• **Your task**
Line by line, retype the data exactly as it is given.

Data records

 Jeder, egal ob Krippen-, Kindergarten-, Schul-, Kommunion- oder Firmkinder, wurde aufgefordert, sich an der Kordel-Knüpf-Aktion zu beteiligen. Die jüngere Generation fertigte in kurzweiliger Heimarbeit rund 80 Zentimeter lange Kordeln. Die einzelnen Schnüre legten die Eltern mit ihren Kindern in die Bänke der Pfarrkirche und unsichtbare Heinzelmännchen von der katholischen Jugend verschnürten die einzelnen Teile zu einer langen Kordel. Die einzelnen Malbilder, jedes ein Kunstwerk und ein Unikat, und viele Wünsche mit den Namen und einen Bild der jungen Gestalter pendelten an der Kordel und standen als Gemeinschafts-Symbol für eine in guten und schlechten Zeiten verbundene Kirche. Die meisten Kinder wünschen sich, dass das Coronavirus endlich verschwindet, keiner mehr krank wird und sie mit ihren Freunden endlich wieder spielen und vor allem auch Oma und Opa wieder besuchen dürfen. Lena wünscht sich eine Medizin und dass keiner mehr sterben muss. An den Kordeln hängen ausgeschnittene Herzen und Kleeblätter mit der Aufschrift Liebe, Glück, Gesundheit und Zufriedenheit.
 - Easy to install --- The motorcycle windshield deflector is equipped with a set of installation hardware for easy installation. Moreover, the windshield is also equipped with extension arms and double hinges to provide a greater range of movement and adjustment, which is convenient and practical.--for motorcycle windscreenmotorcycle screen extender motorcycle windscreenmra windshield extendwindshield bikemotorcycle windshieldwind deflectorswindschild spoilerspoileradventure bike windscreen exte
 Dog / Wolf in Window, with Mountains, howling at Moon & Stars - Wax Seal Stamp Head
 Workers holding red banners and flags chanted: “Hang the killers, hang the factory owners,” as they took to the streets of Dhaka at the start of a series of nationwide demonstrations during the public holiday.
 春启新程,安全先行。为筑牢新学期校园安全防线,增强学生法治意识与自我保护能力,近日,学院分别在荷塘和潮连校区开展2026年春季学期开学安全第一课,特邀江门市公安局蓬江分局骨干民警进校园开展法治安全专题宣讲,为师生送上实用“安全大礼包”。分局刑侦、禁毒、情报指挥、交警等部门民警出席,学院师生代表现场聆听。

• **Finished exercise**
 Jeder, egal ob Krippen-, Kindergarten-, Schul-, Kommunion- oder Firmkinder, wurde aufgefordert, sich an der Kordel-Knüpf-Aktion zu beteiligen. Die jüngere Generation fertigte in kurzweiliger Heimarbeit rund 80 Zentimeter lange Kordeln. Die einzelnen Schnüre legten die Eltern mit ihren Kindern in die Bänke der Pfarrkirche und unsichtbare Heinzelmännchen von der katholischen Jugend verschnürten die einzelnen Teile zu einer langen Kordel. Die einzelnen Malbilder, jedes ein Kunstwerk und ein Unikat, und viele Wünsche mit den Namen und einen Bild der jungen Gestalter pendelten an der Kordel und standen als Gemeinschafts-Symbol für eine in guten und schlechten Zeiten verbundene Kirche. Die meisten Kinder wünschen sich, dass das Coronavirus endlich verschwindet, keiner mehr krank wird und sie mit ihren Freunden endlich wieder spielen und vor allem auch Oma und Opa wieder besuchen dürfen. Lena wünscht sich eine Medizin und dass keiner mehr sterben muss. An den Kordeln hängen ausgeschnittene Herzen und Kleeblätter mit der Aufschrift Liebe, Glück, Gesundheit und Zufriedenheit.
 - Easy to install --- The motorcycle windshield deflector is equipped with a set of installation hardware for easy installation. Moreover, the windshield is also equipped with extension arms and double hinges to provide a greater range of movement and adjustment, which is convenient and practical.--for motorcycle windscreenmotorcycle screen extender motorcycle windscreenmra windshield extendwindshield bikemotorcycle windshieldwind deflectorswindschild spoilerspoileradventure bike windscreen exte
 Dog / Wolf in Window, with Mountains, howling at Moon & Stars - Wax Seal Stamp Head
 Workers holding red banners and flags chanted: “Hang the killers, hang the factory owners,” as they took to the streets of Dhaka at the start of a series of nationwide demonstrations during the public holiday.
 春启新程,安全先行。为筑牢新学期校园安全防线,增强学生法治意识与自我保护能力,近日,学院分别在荷塘和潮连校区开展2026年春季学期开学安全第一课,特邀江门市公安局蓬江分局骨干民警进校园开展法治安全专题宣讲,为师生送上实用“安全大礼包”。分局刑侦、禁毒、情报指挥、交警等部门民警出席,学院师生代表现场聆听。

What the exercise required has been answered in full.